1 Introduction
Individual assignment to species or population of origin is an important task in systematics (e.g., [1,2]), conservation biology (e.g., [3]), and ecology (e.g., [4,5]). Recent studies have shown that individual assignments based on morphological characters alone often underestimate the existing biodiversity (e.g., [6]). Therefore, molecular techniques are often necessary for accurately determining species and population of origin. However, these methods require specific skills and resources that are often not available to ecologists or wildlife managers working in the field. Furthermore, molecular methods may be difficult to perform when the quality of preservation of genetic material varies, such as in the case of museum specimens, and may also fail to recognize significant components of biodiversity (e.g., [7,8 and references therein]). Therefore, while the use of morphological characters to assign individuals to species or populations was a common practice before the use of molecular techniques, this approach still offers a great advantage if at least a few distinct characters or measurements could be used to determine the origin of individuals, especially when alternative molecular methods are unavailable. In addition, when applied to large museum collections, morphological methods can be useful to pinpoint individuals of interest, such as a potential representative of a cryptic lineage, to be further investigated using molecular methods. However, before morphological characters and assignment methods could be accurately applied, their validity and sensitivity to error need to be assessed. This is especially important when the number of shape variables is larger than the sample size, because assignment to groups both depends on the distinctiveness between groups and on the sample size itself.
In this study, we use geometric morphometric methods and a cross-validation calculation to evaluate the robustness of the morphometric assignment of individuals that were previously genotyped, and therefore of known origin, to two distinct tortoise lineages [9]. As it is often the case for field sampling studies, especially on endangered organisms, our dataset consisted of more variables (in this case three-dimensional landmark coordinates) than individuals. We here present a protocol to select the optimal number of shape variables when the reference sample is small and individual assignment is to be achieved.

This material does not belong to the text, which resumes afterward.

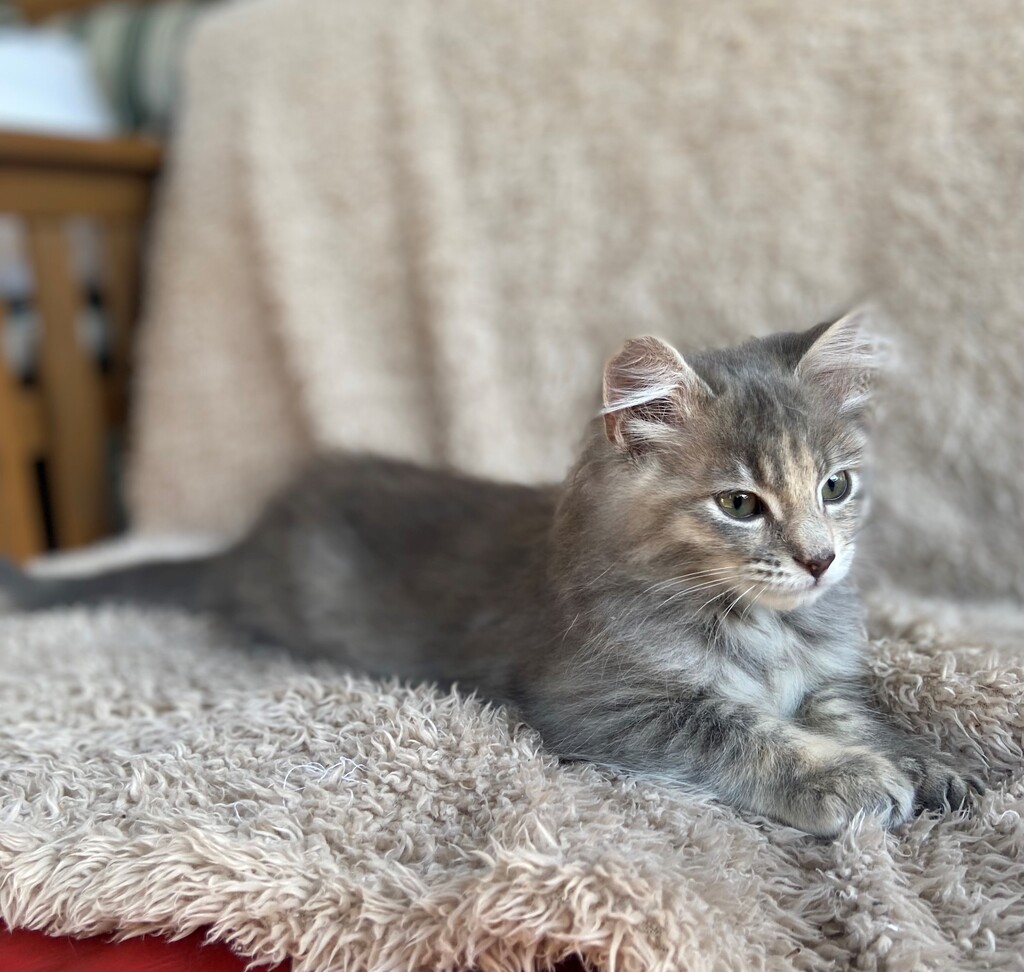 Athena is also known as "Princess Fluffy-butt", obviously due to her beautiful, fuzzy coat. She is very inquisitive by nature and an absolute sweetheart. She is that lovely mix of independent, able to play and entertain herself, while also loving napping on a warm human lap once play and exploration time is over. To win Athena over quickly, it is good to know she will go absolutely crazy for a 'feather on a string' toy! You will know you have succeeded in securing her love when you hear her awesome purr engine rev into gear. Athena's sister, Artemis, is also available for adoption. They are a great pairing and love playing together. If you are looking for a dynamic duo of kitties this could be your perfect match!

The setting used in this study also allows us to estimate the effect of sex as a confounding variable on taxonomic group assignment after taking into account allometries.
We further apply this approach to obtain the best assignment of the origin of museum tortoises to our previously genotyped reference dataset described above. The museum specimens here analyzed most likely come from the same island of the reference dataset, but it is so far unknown whether they belong to one or both of these two lineages.
2 Materials and methods
2.1 Data acquisition
In our study, we use two genetically very distinct lineages (Cerro Fatal and La Reserva) of Galápagos tortoises (Chelonoidis nigra) inhabiting the Island of Santa Cruz [9,10]. These lineages are phylogenetically recovered to have relatively deep genetic divergence ([11]; for additional information on these two lineages, see [9,10,12]). These tortoises have different, even if apparently very similar, domed shell morphology ([9,12]). The existing morphological data set of 60 Galápagos tortoises belonging to two genetically distinct lineages and already studied for morphological differences ([9,12]) was pruned of the seven juveniles to avoid possible confounding effects due to different carapace shape between juveniles and adults (see [9]). Subdivision of juveniles and adults was done as in our former study on these animals [9]. The final dataset consisted of 27 (11 males and 16 females) and 26 (10 males and 16 females) individuals for Cerro Fatal and La Reserva, respectively. This dataset was combined with 14 newly sampled museum specimens from the same island for which the sex is known [13]. Galápagos tortoise museum specimens were sampled in March and April 2009 at the California Academy of Sciences (CAS, San Francisco, USA). Digital images used for 3D carapace reconstruction and for the camera calibration were obtained with a Pentax K200D (pixel resolution of 3872 × 2592) following [14]. Information about the accuracy of the reconstructions can be found in [14]. Three-dimensional reconstructions were carried out with PhotoModeler® Pro 5.2.3 (Eos System Inc.) and were scaled to the “real” animal size as described in [12] and [14] (see also Fig. 1). The 14 newly sampled museum specimens were part of the 25 individuals sampled in Santa Cruz in 1905 during the California Academy of Sciences expedition [13] (landmark coordinates for these tortoises are available with the voucher information at the museum). We excluded for our analyses individuals that had carapace deformities or were either juveniles or embryos. Between 10 and 12 digital images were used for each 3D carapace reconstruction.
2.2 Morphometric analyses
Geometric morphometric analyses were carried out on the total dataset of 67 tortoises using the R software and environment v. 2.6.0. [15] on 25 landmarks (Fig. 1). Missing landmarks occurring in 16 out of the 53 tortoises sampled in the wild were estimated by symmetry as described in [12]. A partial-generalized Procrustes superimposition ([16,17]) was applied to all configurations of landmarks to decompose the studied form into shape components and size. Size was estimated as the centroid size, while shape was given by the coordinates of the superimposed landmarks. Because our dataset included more variables than individuals (75 versus 53, respectively), shape coordinates were summarized by 52 principal components (PCs) having non-null eigenvalues.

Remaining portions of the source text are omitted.